Book Synopsis An Analytical and Descriptive Guide to the Materials in The History Teacher's Magazine and The Historical Outlook by : Richard Harrison Shryock
Download or read book An Analytical and Descriptive Guide to the Materials in The History Teacher's Magazine and The Historical Outlook written by Richard Harrison Shryock and published by . This book was released on 1925 with total page 64 pages. Available in PDF, EPUB and Kindle. Book excerpt:
Book Synopsis A Critical and Exegetical Commentary on Numbers by : George Buchanan Gray
Download or read book A Critical and Exegetical Commentary on Numbers written by George Buchanan Gray and published by . This book was released on 1903 with total page 554 pages.

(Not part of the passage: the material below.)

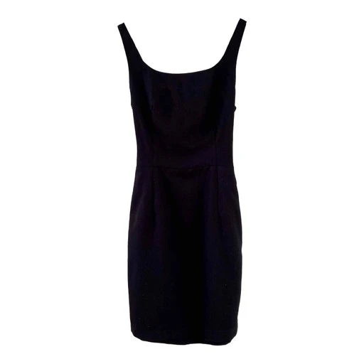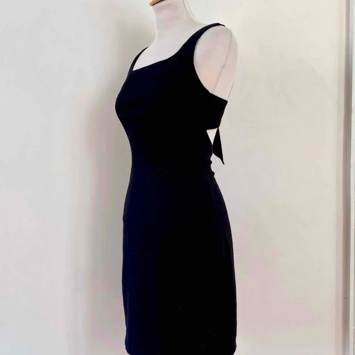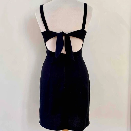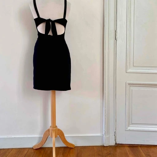 Mini robe dos nu, en crêpe viscose mélangé noire, dos à nouer par un joli noeud, fabriquée en France, taille 34 actuelle portée ici sur un mannequin T36, aisselles 42cm.

Available in PDF, EPUB and Kindle. Book excerpt:
Book Synopsis The Origin and Significance of Zero by :
Download or read book The Origin and Significance of Zero written by and published by BRILL. This book was released on 2024-03-11 with total page 787 pages. Available in PDF, EPUB and Kindle. Book excerpt: Zero has been axial in human development, but the origin and discovery of zero has never been satisfactorily addressed by a comprehensive, systematic and above all interdisciplinary research program. In this volume, over 40 international scholars explore zero under four broad themes: history; religion, philosophy & linguistics; arts; and mathematics & the sciences. Some propose that the invention/discovery of zero may have been facilitated by the prior evolution of a sophisticated concept of Nothingness or Emptiness (as it is understood in non-European traditions); and conversely, inhibited by the absence of, or aversion to, such a concept of Nothingness in the West. But not all scholars agree. Join the debate.

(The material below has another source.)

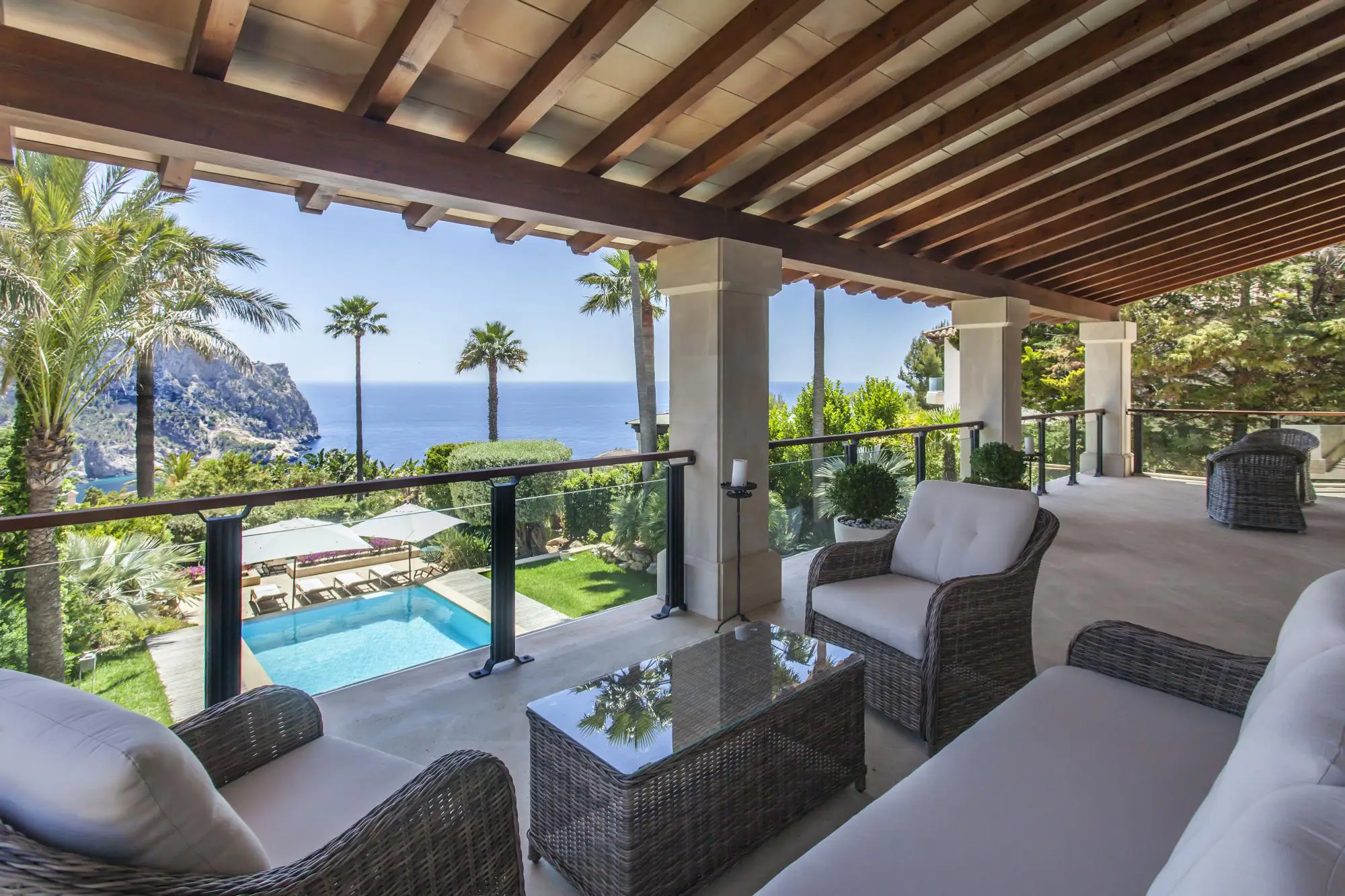 The outdoor areas of Villa Laroc are designed for stylish relaxation. The 10 × 5 metre pool with water feature is surrounded by elegant terraces and lush Mediterranean gardens, all framing panoramic views towards the sea.

Book Synopsis An Introduction to Algebraic Structures by : Joseph Landin
Download or read book An Introduction to Algebraic Structures written by Joseph Landin and published by Courier Corporation. This book was released on 2012-08-29 with total page 275 pages. Available in PDF, EPUB and Kindle. Book excerpt: This self-contained text covers sets and numbers, elements of set theory, real numbers, the theory of groups, group isomorphism and homomorphism, theory of rings, and polynomial rings. 1969 edition.